Maybe if they spent fewer pages on innuendo...

...they'd have more room for news.

The Tribune ran a piece this morning, (it can be found online here) under the headline:

U.S. Treatment of its Captives Ignites Concern. Perceived brutality tarnishing country's image among critics.

How's this for an opener:

Secret prisons in Eastern Europe. Illegal detentions. Suspects snatched off
the streets and shipped without extradition to other countries for harsh
interrogation. Government directives cloaked in secrecy. 

A flashback to Stalin's Soviet Union?


Now, let's think about this. "Perceived brutality" is "tarnishing" our image, not real brutality, but perceived brutality. With who? Our supporters? No, our critics. In other words, the people that hate us are apparently seizing on their perceptions to hate us more. There's some hard news!

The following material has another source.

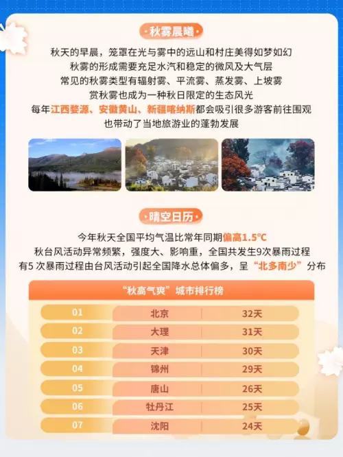不仅仅是艳丽如火的枫叶,如梦如幻的秋雾、馥郁芬芳的桂花,以及秋高气爽的蓝天……都是秋日独特的限定美景,为游客们带来了丰富多彩的旅游体验。其中,适宜的气象条件为赏秋游提供了绝佳的自然环境,更是为“赏秋经济”的繁荣注入了强劲动力。

"Some European commentators and politicians are suggesting that the U.S." maintains gulags. He makes a reference to Abu Ghraib and Guantanamo Bay, but is mysteriously quiet about any facts to support his breathless allegations.

So, where's the story? Oh, yeah, the press needs to hammer Bush because it appears his poll numbers are coming back up. So let's run a front-page article with some unsubstantiated "suggestions" by a bunch of pansey-assed European leaders that maybe we're doing something they don't like.

This isviciouss and disingenuous. And I pay for it. Dang.

P.S. In fairness to the Tribune, this front-page Op-Ed piece did have a little graphic that said "News Analysis." But shouldn't a "news analysis" be based on some reported facts?